The canvas—an oil painting—was filled with writhing, tormented nudes in so much misery and agony that I needed to look away. Jackman was right. Paul Noble’s art was the work of a tortured soul.

“Get pictures of those paintings, will you, Smitty?” Bobby said to the photographer.

Jackman turned back to Paul and squatted by the wine bottle and glass.

“The bottle’s from Ms. Montgomery’s vineyard. She says that she didn’t give it to him.” I didn’t know if Mathis was genuinely trying to be helpful or just speed the process of putting more nails in my coffin.

Jackman gave me a sharp look. “And the wineglass?”

“No idea,” I said. “Vineyards give them out all the time as souvenirs. We silk-screen logos to commemorate a special event or the release of a new wine, but I don’t recognize that one.”

“That design reminds me of a painting I saw somewhere,” Jackman said. “You know the one?”

“E.T.,” Mathis said. “That little guy. The alien.”

Jackman gave him a withering look. “E.T. is a movie.”

“I’ve seen paintings of E.T.” Mathis sounded defensive. “Looks just like him, if you ask me. What do you think, Detective?”

Bobby scratched the back of his head. “Yeah, I suppose it could be.”

I stared at the glass and a memory clicked into place.

“The Scream,” I said. “It looks like Edvard Munch’s painting The Scream.”

“At least somebody here’s got culture,” Jackman said. “That’s the one I meant.”

“Yeah, you probably saw it on the back of your cereal box, Jacko,” Mathis said.

“Okay, guys, let’s get busy,” Bobby said. “Lucie, why don’t we talk outside and let them get on with it?”

He held the barn door for me.
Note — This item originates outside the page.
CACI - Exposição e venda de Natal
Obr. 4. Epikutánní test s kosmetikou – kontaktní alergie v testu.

The heat was even more oppressive, or maybe I was starting to get dehydrated. Bobby grabbed my arm.

“You okay? You look like you’re gonna pass out. Have a seat. I know it was rough seeing him like that.”

“I’ll be fine,” I said, but I let him help me sit down on the step. “Are you just going to leave him there?”
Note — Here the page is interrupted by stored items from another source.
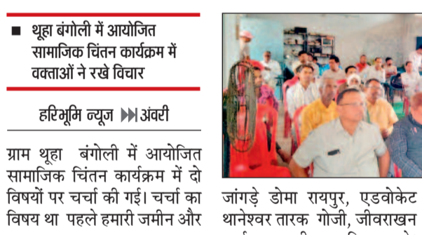
हमें समझना होगा। हमारी जनसंख्या के अनुपात में भागीदारी होनी चाहिए। प्रतिनिधित्व का अधिकार होना चाहिए जो संविधान में निहित है लेकिन वास्तविक रूप से एससी-एसटी-ओबीसी समाज हक से वंचित है। उन्होंने कहा कि शिक्षा से ही जागरूकता आ सकती है। समस्त निजी विद्यालयों, महाविद्यालयों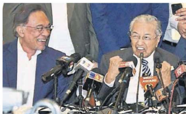
■馬哈迪（右）打趣地擺出要「打架」的姿勢，左為安華。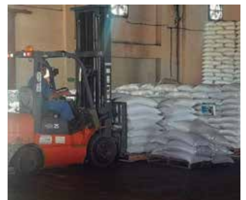
Unas 110 toneladas de azúcar se trasladarán hasta los almacenes de la EMPA.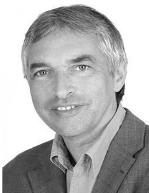
Walter, Jürgen BÜNDNIS 90/DIE GRÜNEN Politischer Staatssekretär; * 1957; Stuttgarter Straße 62, 71679 Asperg; Zweitmandat WK 12 (Ludwigsburg)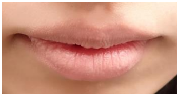
ヌードリップミューターのみ塗布した状態

He sat next to me. “It’s a crime scene, Lucie. He’s gone. We can’t cut him down until we process everything around him. It might destroy evidence if we do.”

“Right.”

He didn’t flinch at the reproach in my voice.
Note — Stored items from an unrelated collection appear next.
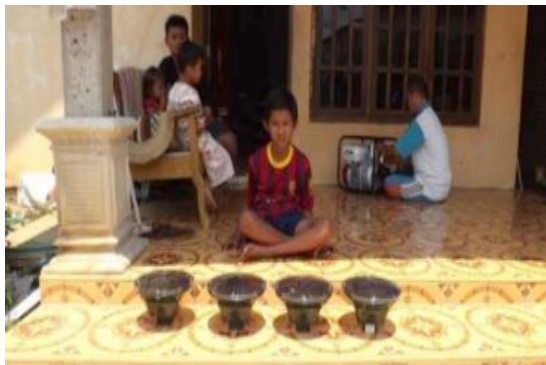
Gambar 13. Pengujian Pengisian Baterei dengan Sel Surya

Pembuatan dan pemasangan pengendali hama elektronik ini meliputi proses perencanaan, pengujian dan pelaksanaan yang terpadu sehingga bisa dihasilkan sistem yang benar-benar dimanfaatkan sesuai dengan harapan.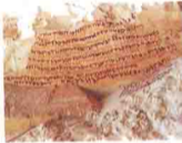
جبل الطير . الخارجة 13 Gabal Al-Teir Inscriptions

فى منطقة شمس الدين التى تبعد ٥ كيلو متر شمال واحة باريس جنوب الواحات الخارجة بحوالى ٩٥ كيلو اكتشف المعهد الفرنسى للآثار الشرقية بالقاهرة واحدة من أقدم كنائس مصر التى ترجع للقرن الرابع الميلادى وتؤكد ذلك من العملات التى وجدت فيها .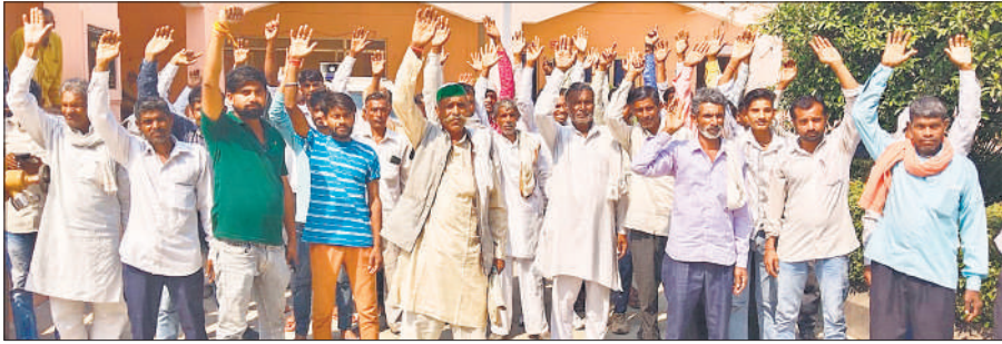
तहसील कार्यालय पर प्रदर्शन करते ग्रामीण।

“I’m sorry. That’s just the way it is. It’s an inhuman business sometimes. I don’t make the rules and you know that.”

“It’s such a ghastly way to die. It must have been slow and painful.”

“If it’s any consolation,” he said, “the victim loses consciousness in about twelve to fifteen seconds, so it’s pretty fast. Of course, you get some jerking around when the body spasms, so it seems like it’s going on longer than it is. Then it’s over for good.”

“I don’t understand why he did it.”

Bobby gave me a long, hard look. “Suicides are pretty tough to fake,” he said, “but not impossible. And they usually leave a note. This guy didn’t, as far as we know. Biggie said you came over here today because you were mad as hell at the vic.”

“Not mad enough to kill him.”

He shrugged. “I understand. I don’t need to read you your rights, Lucie, and you’re not under arrest. But I need you to account for your whereabouts between now and midnight last night.”

“Oh, come on. You’re kidding, right? Even if I wanted to, I’m hardly strong enough to kill Paul Noble, then hang him from that beam. He probably weighed at least two hundred pounds when he was alive. I weigh a little more than half that. It’s just not possible.”

“Lucie,” Bobby said, “I’m not kidding. I’ve seen plenty of people do things that they swear aren’t possible, believe me. Where’ve you been since midnight last night and can anybody verify it?”

“Home alone,” I said, “and no, nobody can verify it.”